There have been other unlikely heroes in the American League so far. Michael Chavis, who had five RBIs for the Red Sox on Sunday as they were sweeping the Mariners and has injected life and pop into Boston’s batting order when it badly needed it, comes right to mind. But there has been no more unlikely hero in baseball so far than Urshela for the Yankees.

And understand: It’s not as if he just fell into Cashman’s lap. The GM had first tried to get him away from the Indians when the Indians had him. Could not. Liked his defense. “Elite defense” is the way Cashman talks about it these days. He finally got his chance last summer, and he got him away from the Blue Jays. But even after the season, Urshela didn’t make it onto the Yankees 40-man roster. He was still a Yankee, though. He went to Spring Training. And the elite defender began to open people’s eyes with the way he was hitting now.

Here is something Yankees manager Aaron Boone, once an unlikely pinstriped hero himself -- Game 7 against the Red Sox in the 2003 American League Championship Series, bottom of the 11th, off Tim Wakefield, one of the most famous October home runs ever hit at the old Yankee Stadium -- said about Urshela the other day:

“I remember in Spring Training just watching and thinking, I felt there was more in there with the bat.”

It turned out there was a whole lot more. Andujar got hurt. Urshela went to third base, and he started to hit (his batting average is currently the highest in the AL for players with at least 100 at-bats), and he hasn’t stopped. When Andujar came off the IL, Boone had to be as diplomatic as a candidate as he explained how lucky he was that he could DH Andujar, one of the star Baby Bombers of last season, and keep Urshela at third base.

Boone: “[How to use Urshela and Andujar] will continue to evolve. It’ll be fluid.”

So many of Cashman’s moves, really since the Trade Deadline in 2016, have set the Yankees up for the future. But of all of them, the deal for Urshela is the one that matters the most right now, because the only season that really matters to Yankee fans, especially after watching the Red Sox clinch the AL East at Yankee Stadium last year and then do the same in their AL Division Series against the Yankees, is the one their wounded team is playing right now.
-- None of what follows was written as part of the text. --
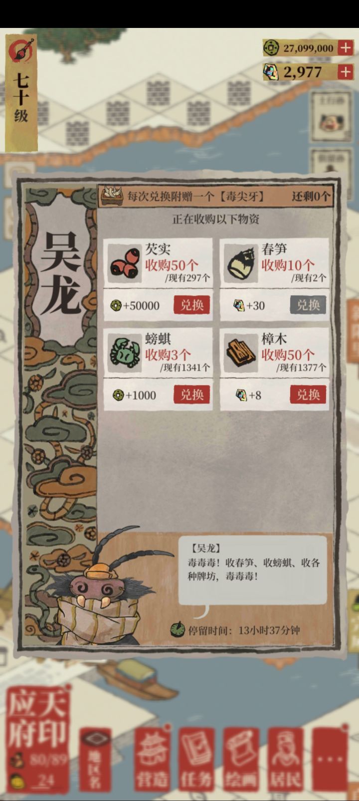 突然有点不想玩了,开地要好多铜钱,铜钱不好挣啊😓

The Yankees shouldn’t be as close to first place as they are after all the injuries they’ve had, to Stanton and Aaron Judge and Aaron Hicks and Luis Severino and Dellin Betances and everybody else. There have been other guys who have hit. But their best hitter and their biggest star has been Urshela, who grew up worshipping a soccer star, Cristiano Ronaldo, as a kid in Colombia, and dreaming of being one himself. Now he’s a baseball star in the spring of 2019 at Yankee Stadium. Obviously his manager recognizes an unlikely star like this when he sees one. Takes one to know one.